И осердился тогда народ Хиндумэй и вылил речную воду на пихты, ели,иа кедры и сосны. И дервья начали жить все-гда, а люди помирать. Вот что сделали неразумные женщины!
— Ладная сказка, — одобрил Михайла, — а ты еще бабой манишь... Так как, утром на Большую Воду?..
— Большую Воду!..
— На остров?
Тутэй засмеялся, заморгал, закачал головой:
— Плохо на остров... Плохо, вода большая — шшшу-у!.. — взмахнул он руками, — друг потонет и Тутэй потонет...
Встал, озаренный костром, и обвел руками ночь.
— Везде вода... Большая Вода!..
— Ты же ходил туда?
— Не ходил. Тунгус ходил.
Он был шаман. Карагасы туда не ходят...
— Опять — двадцать пять! — досадует Тоболяк.
Срывается каждый раз. Не первая это беседа.
А ведь жег лежавший в азяме тяжелый мешочек — аях. И жгла глухая тайна, в туманах спавшая среди озера.
И не первую бутылку самогона привозил он Тутэю, и не первую ночь просиживал у костра, со страстной тоской глядя на далекое Белогорье. И, в слабости своей признаваясь перед ночью и тайгой и полупьяным карагасом, говорил:
—И раньше туда тянуло... Да все сбивался. Промысел близкий был — пошто нивесть куда идти? А теперь — душа не терпит... Тутэй, завтра веди на Большую Воду; не поведешь — сами поедем!

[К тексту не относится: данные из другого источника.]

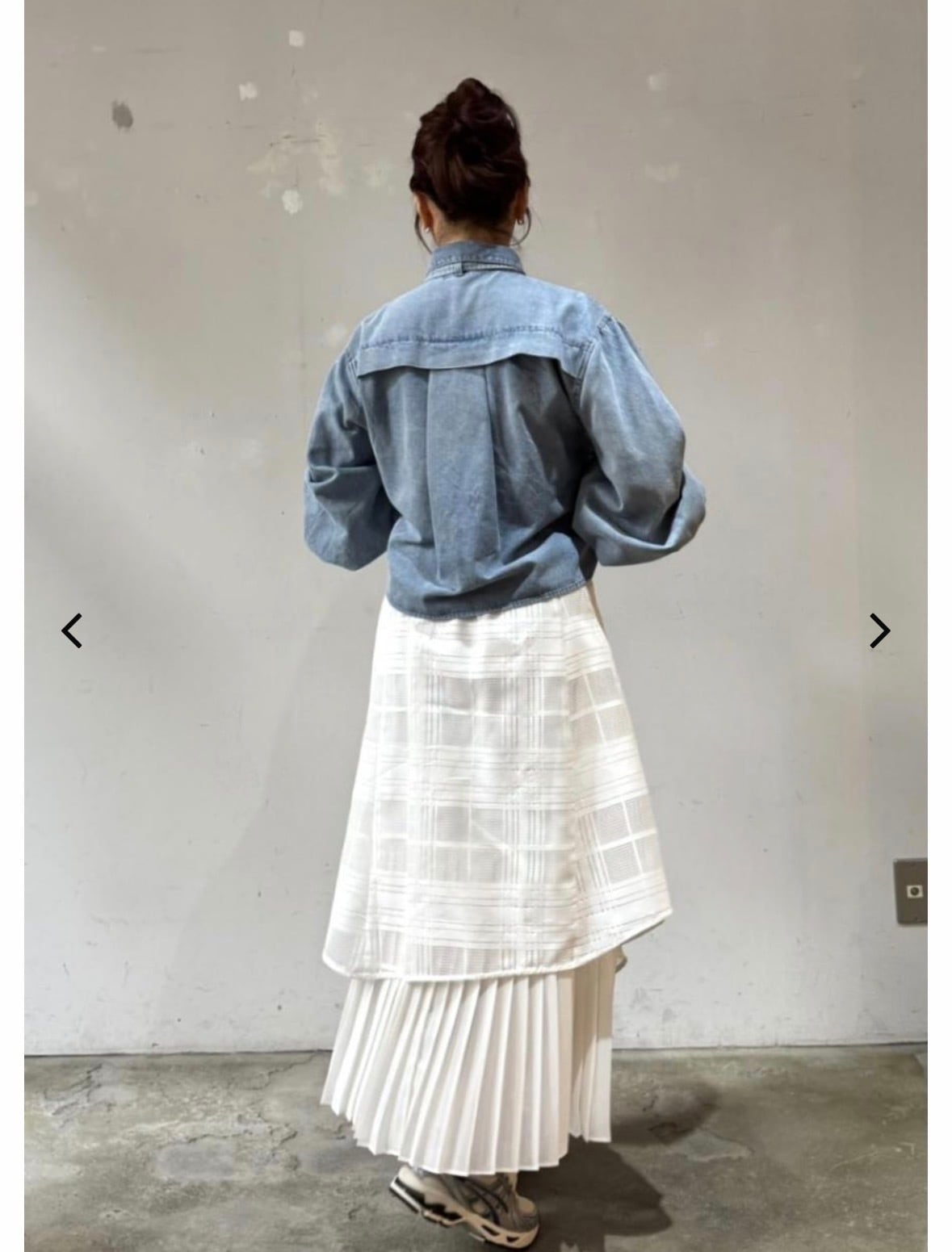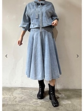 同素材のスカート合わせたセットアップスタイルもおすすめです。

В полуденный час бесконечной тишины и солнечного ликования вышли они к незнакомой речке.
Без тропы, без проходов, скалами и тайгой, по студеным бродам, следом за маленьким коричневым карагасом.
Вышли к границе, зимами блещущего, Белогорья.

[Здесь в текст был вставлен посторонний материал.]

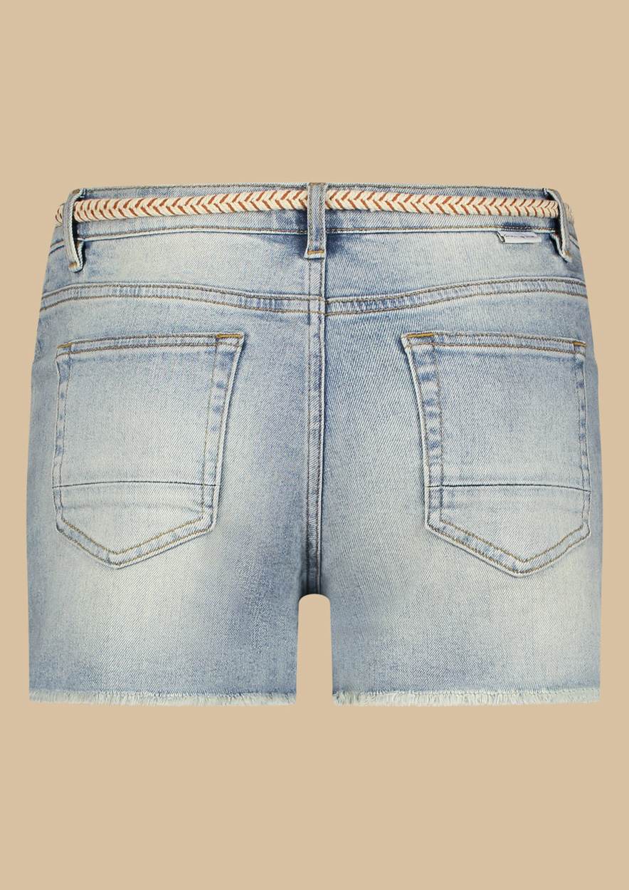 Lichtblauwe denim short gemaakt van stretch katoen. De Stevie short wordt geleverd met een gevlochten riempje van crème met terracotta.
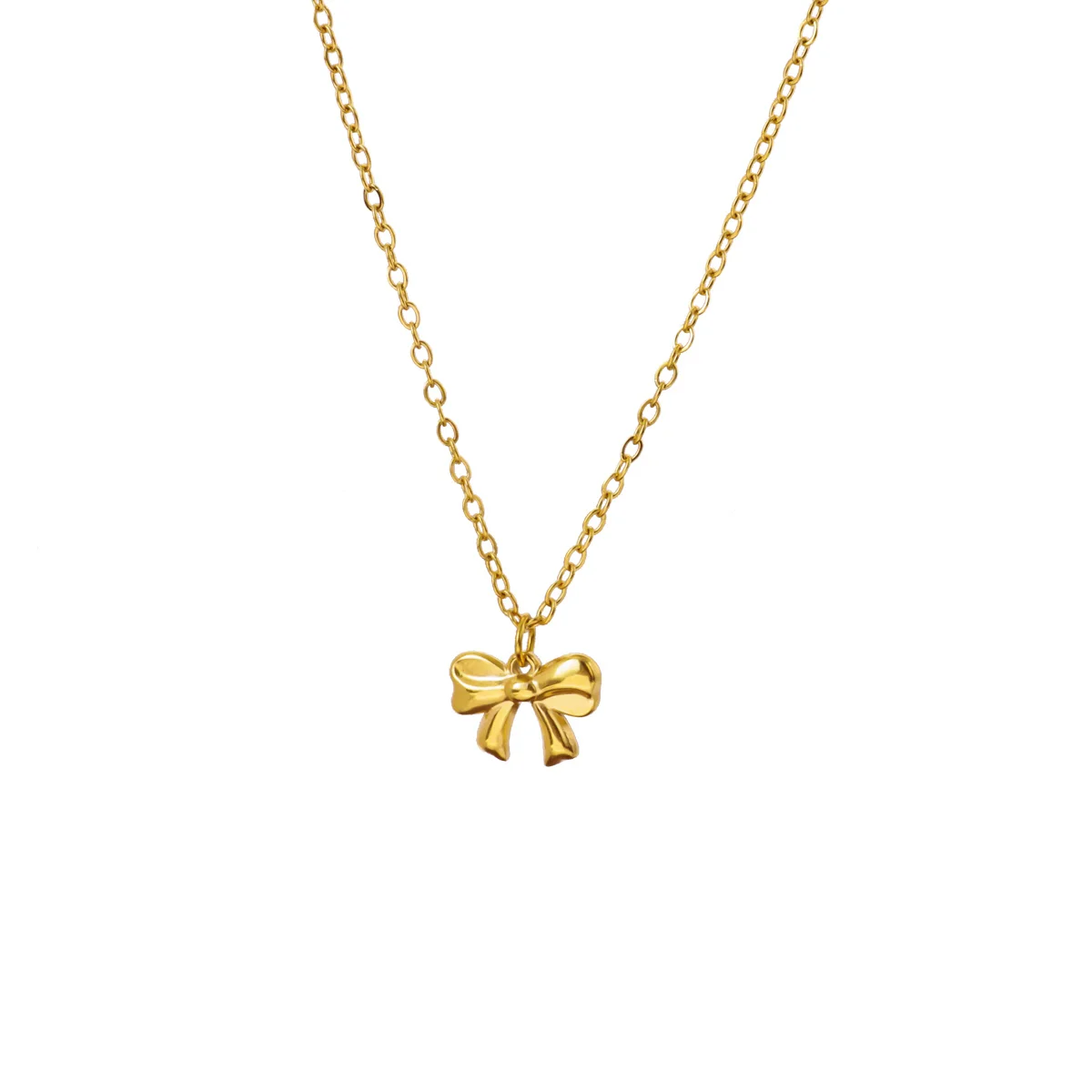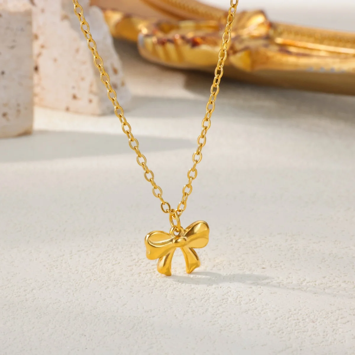 Cute Bowknot Pendant Necklace for Women Girls 18K Gold Plated Stainless Steel Bowknot Necklace Jewelry Trendy Birthday Gifts

Горы, как сытые львы. Величаво бросили на долину тяжкие лапы гранитных отрогов и спят. Спят туманы над ними кудрявыми стайками. Длинный облачный полог срезал вершину и висит недвижимо. К нему протянул Тутэй свой палец:
— Большая Вода...
— Над озером это туман... — благоговейно говорит Михаила.
И упрямо идут все дальше, все выше. Соболиным царством проходят по серым распадкам каменных груд, по острым угольникам скал грузных и шатких, гулко звенящих. Обрывается глыба — с хрупом и хряском, с тяжкими охами переваливается по уступам и, быстрей, вприскочку, черной бомбой мелькает по скату и бежит за ней каменный топот, и свистящим шумом гудят вдогонку утесы...
И выше, оленьим царством проходят. Здесь пьянящие дали, прохлада и ясность. Здесь ленивы горы. Полого всколыхнулись увалами, испятнались мазками снега. Береза упругим кустом не хватает колен человеку, выстрел хохочет, как гром Эрлик-хана, а в круглые чаши порфира палин из неба лазурные диски озер и тоскуют по невозвратно покинутой выси...
Под ногами захлопали лужи, скрытые мхом. Развалилось долиной нагорье. Вправо и влево ушли недоступные купола.
Камень-дикарь прорвал моховые шелка, точно зубы гнилые кажет подземное чудище.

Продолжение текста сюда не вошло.